File metadata and controls

110 lines (75 loc) · 4.28 KB

Environment Variables

USE_SMDEBUG:

When using official SageMaker Framework Containers and AWS Deep Learning Containers which support the Zero Script Change experience, SageMaker Debugger can be disabled by setting this variable to 0. In such a case, the hook is disabled regardless of what configuration is given to the job through the SageMaker Python SDK. By default this is set to 1 signifying True.

SMDEBUG_CONFIG_FILE_PATH:

Contains the path to the JSON file that describes the smdebug hook.

At the minimum, the JSON config should contain the path where smdebug should output tensors. Example:

{ "LocalPath": "/my/smdebug_hook/path" }

In SageMaker environment, this path is set to point to a pre-defined location containing a valid JSON. In non-SageMaker environment, SageMaker-Debugger is not used if this environment variable is not set and a hook is not created manually.

Sample JSON from which a hook can be created:

{
  "LocalPath": "/my/smdebug_hook/path",
  "HookParameters": {
    "save_all": false,
    "include_regex": "regex1,regex2",
    "save_interval": "100",
    "save_steps": "1,2,3,4",
    "start_step": "1",
    "end_step": "1000000",
    "reductions": "min,max,mean"
  },
  "CollectionConfigurations": [
    {
      "CollectionName": "collection_obj_name1",
      "CollectionParameters": {
        "include_regex": "regexe5*",
        "save_interval": 100,
        "save_steps": "1,2,3",
        "start_step": 1,
        "reductions": "min"
      }
    },
  ]
}

TENSORBOARD_CONFIG_FILE_PATH:

Contains the path to the JSON file that specifies where TensorBoard artifacts need to be placed.

Sample JSON file:

{ "LocalPath": "/my/tensorboard/path" }

In SageMaker environment, the presence of this JSON is necessary to log any Tensorboard artifact.

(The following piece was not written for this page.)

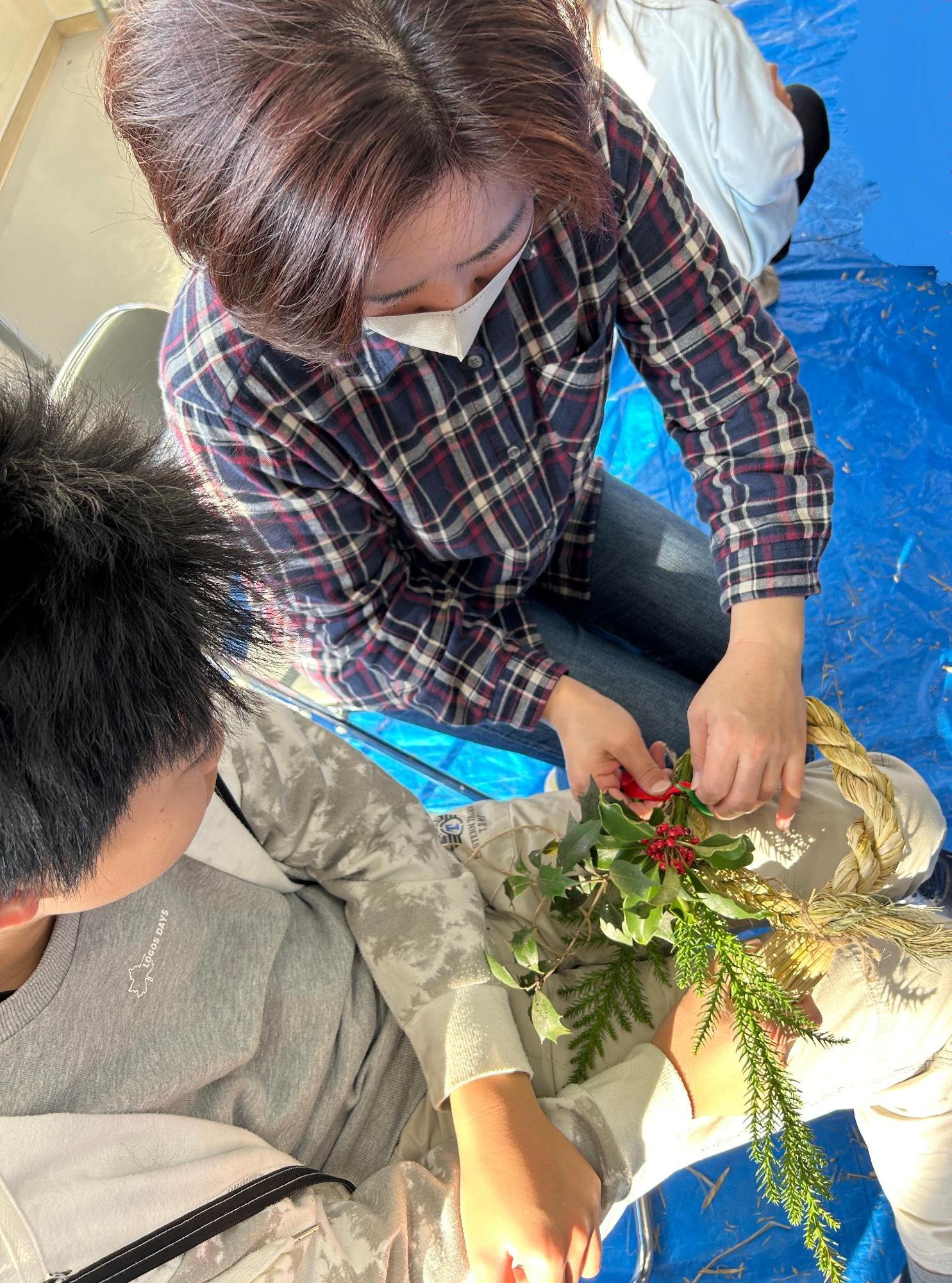 元古誠さんを講師にお迎えし、お互い協力をしながら和やかな雰囲気の中、藁でリースを作っていきました。杉や柊の葉、南天の実、リボンなど色鮮やかな飾り付けをし、皆さん素敵なリースに仕上げられていました。

By default, this path is set to point to a pre-defined location in SageMaker.

tensorboard_dir can also be passed while creating the hook using the API or in the JSON specified in SMDEBUG_CONFIG_FILE_PATH. For this, export_tensorboard should be set to True. This option to set tensorboard_dir is available in both, SageMaker and non-SageMaker environments.

CHECKPOINT_CONFIG_FILE_PATH:

Contains the path to the JSON file that specifies where training checkpoints need to be placed. This is used in the context of spot training.

Sample JSON file:

{ "LocalPath": "/my/checkpoint/path" }

In SageMaker environment, the presence of this JSON is necessary to save checkpoints. By default, this path is set to point to a pre-defined location in SageMaker.

SAGEMAKER_METRICS_DIRECTORY:

Contains the path to the directory where metrics will be recorded for consumption by SageMaker Metrics. This is relevant only in SageMaker environment, where this variable points to a pre-defined location.

Note: The environment variables below are applicable for versions > 0.4.14

SMDEBUG_TRAINING_END_DELAY_REFRESH:

During analysis, a trial is created to query for tensors from a specified directory. This directory contains collections, events, and index files. This environment variable specifies how many seconds to wait before refreshing the index files to check if training has ended and the tensor is available. By default value, this value is set to 1.

SMDEBUG_INCOMPLETE_STEP_WAIT_WINDOW:

During analysis, a trial is created to query for tensors from a specified directory. This directory contains collections, events, and index files. A trial checks to see if a step specified in the smdebug hook has been completed. This environment variable specifies the maximum number of incomplete steps that the trial will wait for before marking half of them as complete. Default: 1000

SMDEBUG_MISSING_EVENT_FILE_RETRY_LIMIT:

During analysis, a trial is created to query for tensors from a specified directory. This directory contains collections, events, and index files. All the tensor data is stored in the event files. When tensor data contained in an event file that is not available has been requested, this variable specifcies the number of times we retry the request.